My point is:
If we want to seriously speak of security, than we might conceive that at an operating system level, amongst many other things, the issue of getting it from the developer to the user without it being tampered with on the way is quite an important point, less we ridicule ourselves. Currently this is how far I get on a practical level on this particular link of the security chain:
1. Probably the safest thing to do is buy a mac or windows cd in the shop, although there is (for me) no way of knowing how safe that really is.
2. Some linux distro's I see now do have certified https, like fedora which puts gpg fingerprints (SHA1) of their public keys on their certified website.
3. Other distros have md5 hashes over certified https, like ubuntu. (virtually a shared fourth place with debian)
4. debian, which for a general user which has not been able to in a safe way obtain a chain of trust to the Debian CD signing key (read: next to everyone), it boils down to, well, plain http!

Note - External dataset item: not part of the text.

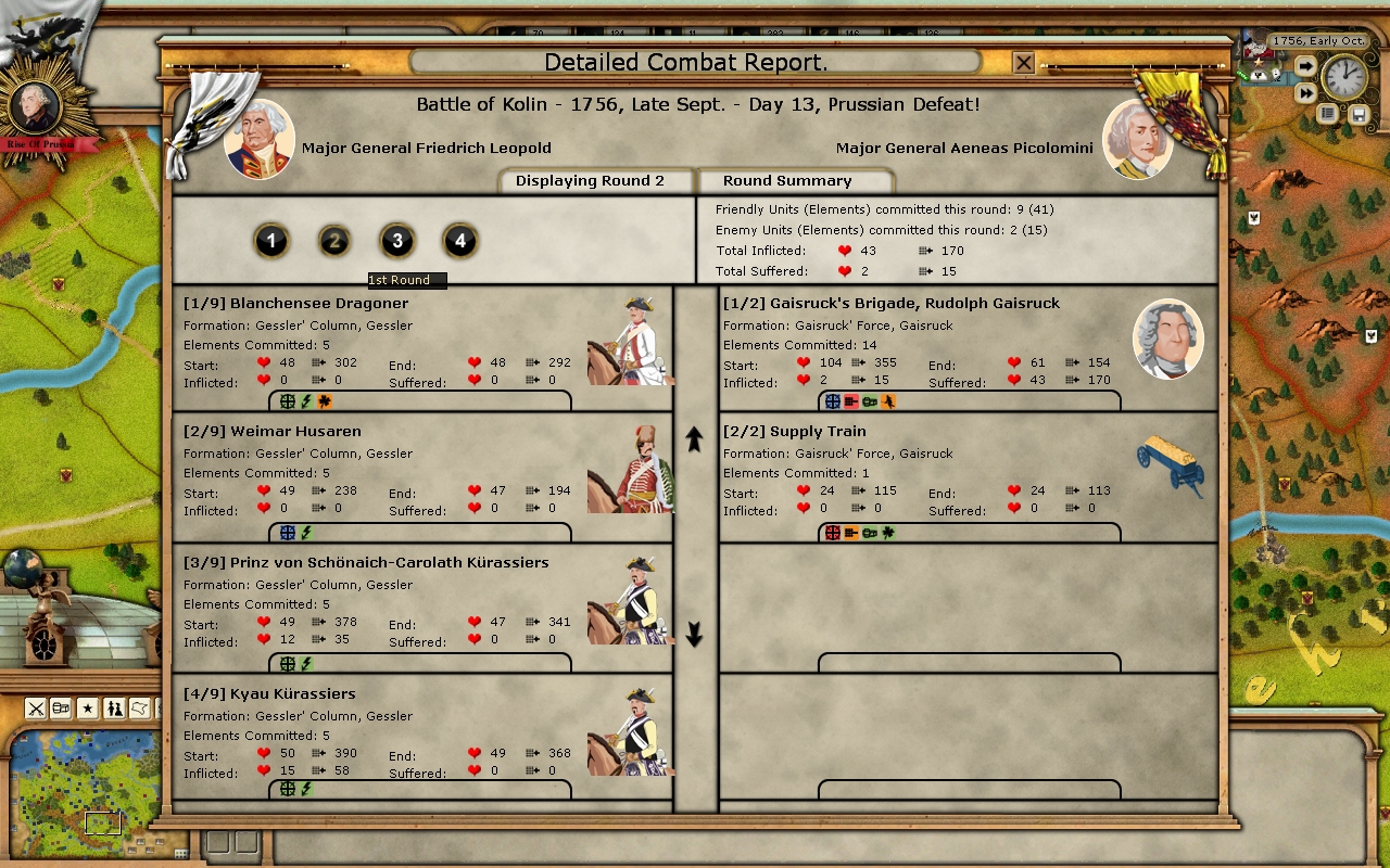 But even they are seperate they should help each other as they are in the same region. But as you said maybe Picolomini was in defensive posture. I thought at first Gessler targetted Pİcolomini forces but only targetted Gaistruck brigade. So the battle report with Pİcolomini portrait as enemy was misleading

Whenever I need to install a secure system, or advise someone on how to do that, I will have to pick something from that list or avoid using a computer altogether. MD5 is truly ridiculous, so I won't go into it (google search will). Https has like I said serious drawbacks that are unfortunately not known by the people using it, and unfortunately are not turned up easily by a web search. I would avoid having to go into details about it unless there is a true genuine need for a security review of https (amongst other reasons because I don't consider myself an expert).
So basically, security comes in levels. Truly secure we have nothing at the moment. Somewhat secure is https and web of trust. Not at all secure is md5 or plain http, when we are talking about releasiing something to the public.
You don't trust pgp webs of trust, nor https, nor md5 checksums of debian sources.
So, my point is I feel I want to avoid the "not at all secure" category if I can, and was wondering why that kept me from using debian. I thought I had just missed something.
If I didn't, given the number of people choosing debian for "secure" systems, that is troublesome, and more so because if the lax attitude vs verifying the installation media is representative for the whole debian development, than I just want to steer away from it and start telling people to stop using it.